If you're just not that into the other person, don't fake it. There’s nothing more awkward than getting all the way through a date, thinking everything went smoothly when the mood changes and suddenly it's all about getting home and snuggling up with your best cabernet to soothe your ego into thinking, It’s them, not me. Right, sauvignon?
If you're taking someone out, gentlemen AND ladies, part of respecting the date and the person you're with is paying for the date you asked them to go on with you. While it is polite for the other person to offer, and acceptable to take them up on it if need be. It is massively uncool to get the bill and slap the person with a, “so, are we splitting this?” Even if it wasn’t the date you pictured, and you’re going home with an unfortunate feeling, maintain your respectful nature and pay for the date you asked for.

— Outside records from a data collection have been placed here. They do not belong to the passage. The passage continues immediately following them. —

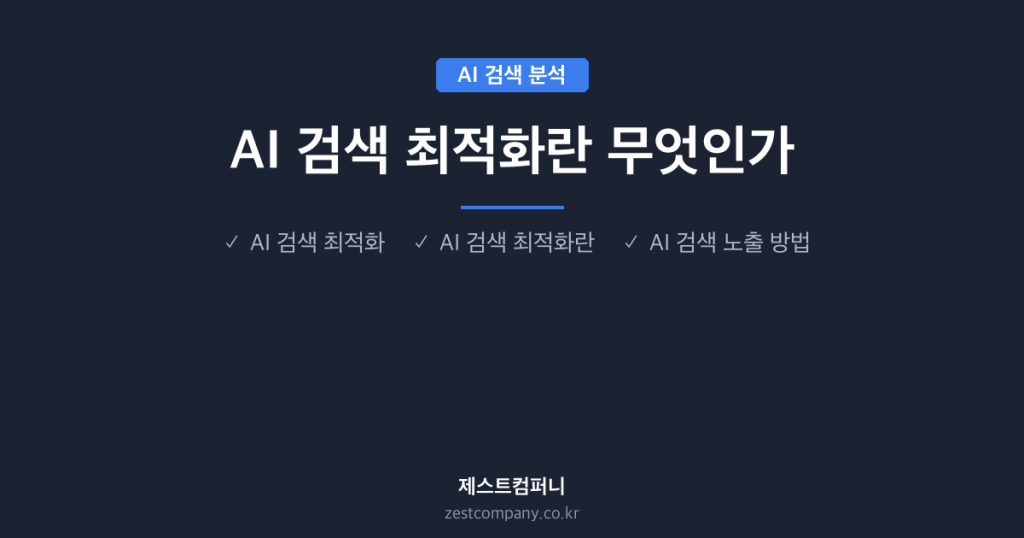 AI 검색 최적화란 무엇인가 📋 3줄 요약 • AI 검색 최적화는 ChatGPT·Gemini·Perplexity 등 생성형 AI의 답변에서 자사 콘텐츠가 인용되도록 만드는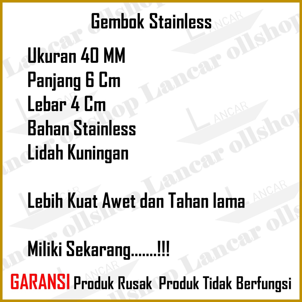 Deskripsi : - Gembok - Ukuran 40mm - Bahan Stainless - Jantung kuningan - Kunci cadangan 3 pcs Terdapat 2 model gembok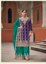 Aarshi Fashions Dark Blue Heavy Chinon Palazzo Salwar Suit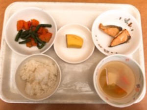 給食は年長組さんが作ってくれました!いつもと違うメニューで、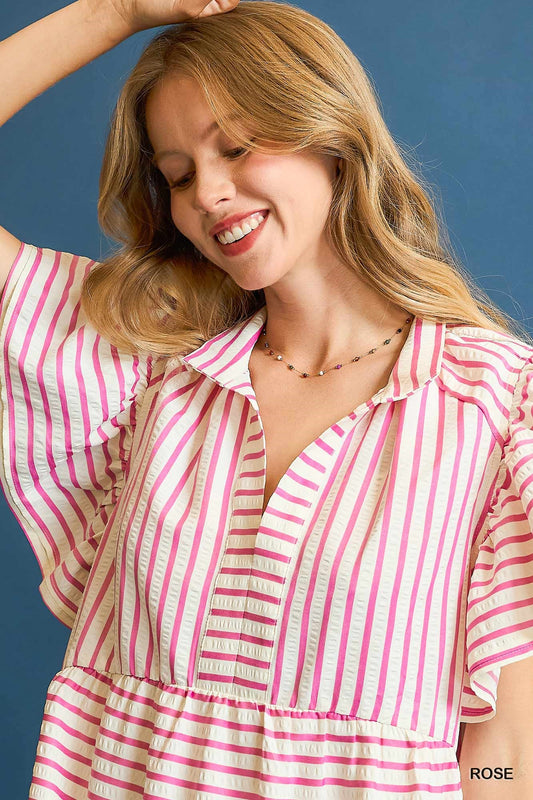 Umgee Rose Striped Flutter Sleeve Babydoll Dress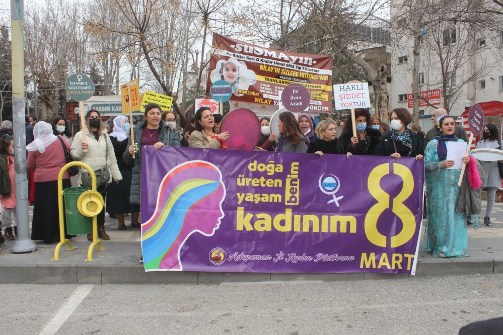 Adıyaman İl Kadın Platformu tarafından Demokrasi Parkında 8 Mart Dünya Kadınlar Gününde basın açıklaması düzenlendi. Kadına yönelik şiddete tepki gösteren Adıyaman İl Kadın Platformu üyeleri, artık kadın cinayetlerinin ve kadına yönelik şiddetin son bulmasını istedi.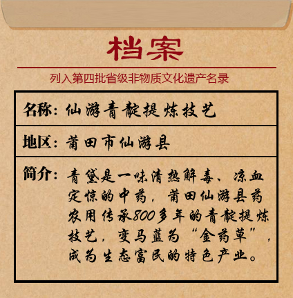 在莆田市仙游縣書峰鄉(xiāng),當(dāng)?shù)厮庌r(nóng)用已經(jīng)傳承了800多年的傳統(tǒng)手工藝——仙游青靛提煉技藝,變馬藍(lán)為“金藥草”,演繹著“青出于藍(lán),而勝于藍(lán)”的傳奇。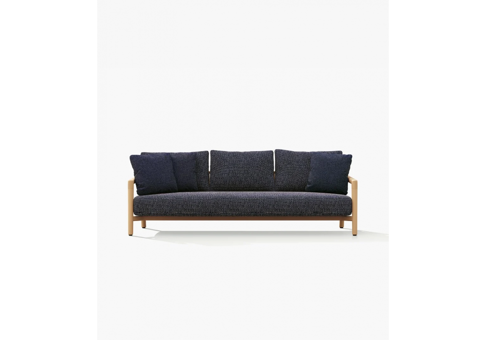 Ponte diseñado por Emmanuel Gallina para Poliform es un sofá con estructura de teca maciza y respaldo de tubo de acero inoxidable pintado, tejido con cuerda en tonos ladrillo, marrón oscuro o natural. Cojines de asiento y respaldo de poliéster PET reciclado con inserto de poliuretano, tapizados en tela desenfundable. Cojín opcional disponible.
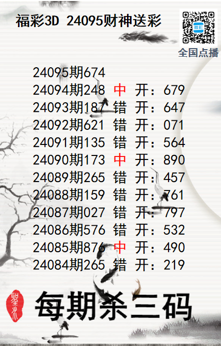 上一篇:福彩3D24095期分析师小鲨鱼杀号图精选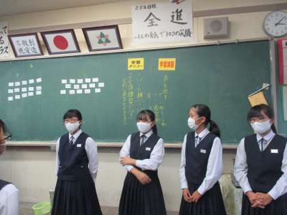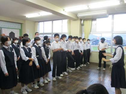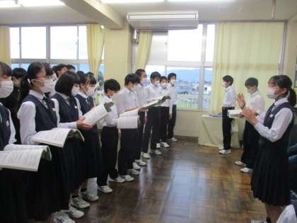 2年・合唱練習 公開日 2020/10/08 更新日 2020/10/08 今日の興南中 10月8日(木) 15:10 放課後合唱練習4日目です。 だんだん練習にも慣れ、練習の方法にも工夫がみられます。 (写真 上:2年1組 本日の課題の確認) (写真 中:2年2組 全員で声出しからスタート) (写真 下:2年3組 指揮者に合わせて)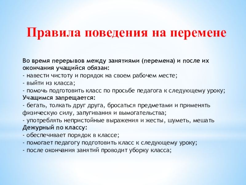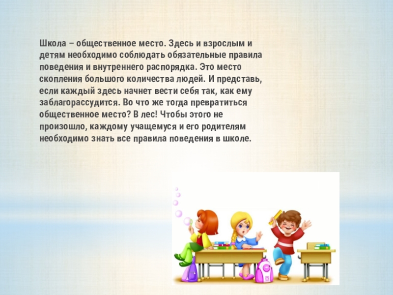 обязательные правила поведения и внутреннего распорядка. Это место скопления большого количества людей. И представь, если каждый здесь начнет вести себя так, как ему заблагорассудится. Во что же тогда превратиться общественное место? В лес! Чтобы этого не произошло, каждому учащемуся и его родителям необходимо знать все правила поведения в школе.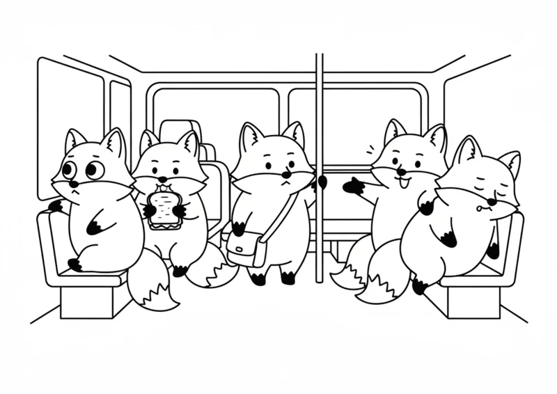 🧸Estilo MinimalistaDesenho divertido em preto e branco de cinco raposas fofinhas dentro de um ônibus, estilo Bob Good.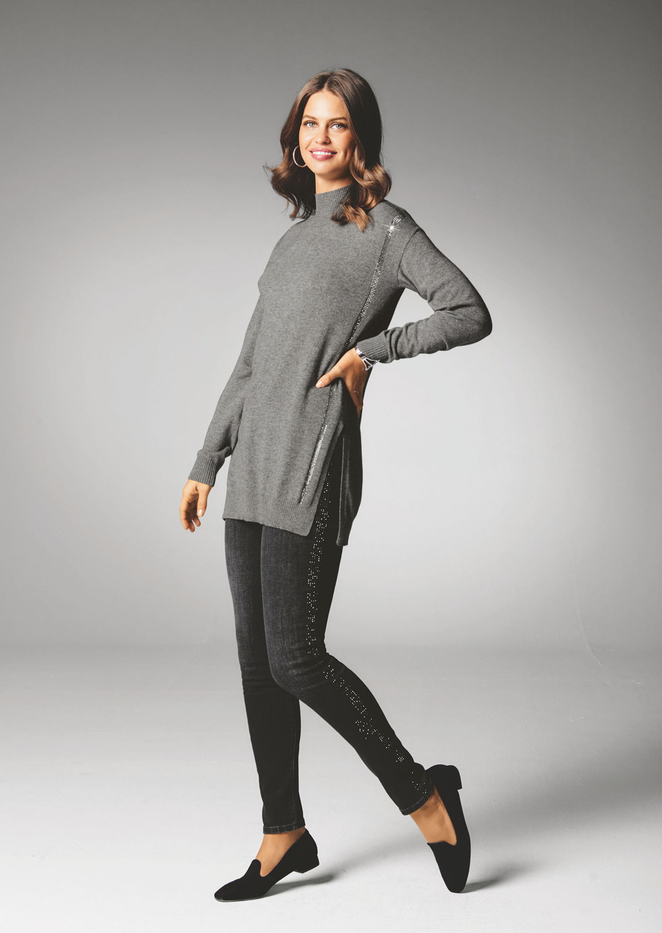 Sein wertvoller Effekt lenkt den Blick auf die Seiten! Der Pullover mit Glitzersteinen zeigt im Longstyle Lässigkeit. Die kostbare, seitliche Steinchendekoration zieht sich vom gerippten Stehkragen bis zum Saum. Der lässige Style ist in gerader Form mit überschnittenen Schultern, Rippenabschlüssen, Langarm und langen Seitenschlitzen gestaltet. Der in Form gestrickte Flachstrick trägt sich angenehm. Durch die Farbgebung können Sie ihn vielseitig kombinieren – einmal elegant und ein anderes Mal lässig.

Finally, and potentially most importantly: the post-date struggle is not a struggle, it is in your head. If you are the girl that asks your friends about every text and takes your mom’s advice on how to respond, STOP. Oh my god. Stop. Your friends may love you anyway, but they want you to stand on your own and figure it out. Want to text them? Text them. Want to call them? Call them. Don’t? Don’t. When it comes to what to say, the only person that knows how you feel and what you’re thinking is you. So quit dragging people into your relationship when it should be between you and your friend/significant other/dude on the other end of the technology.
Okay, so in the nitty-gritty of things there might be 50 ways to screw up your first, second or third date. But at least you don’t have to play games and pretend to be someone or something you’re not. The worst that could happen is he or she doesn’t like you, but whose fault is that if you don’t even put your true self out their in the first place. Take a chance and keep taking a chance because it would really put your knickers in a twist to find out you already met the person of your dreams but weren't yourself enough to keep them around. If you remember nothing else, whether it’s a candlelit dinner, a coffee in the park, a hike, a painting class, a pottery tutorial or a rock concert, you’re never fully dressed without a smile ... and underwear, definitely underwear.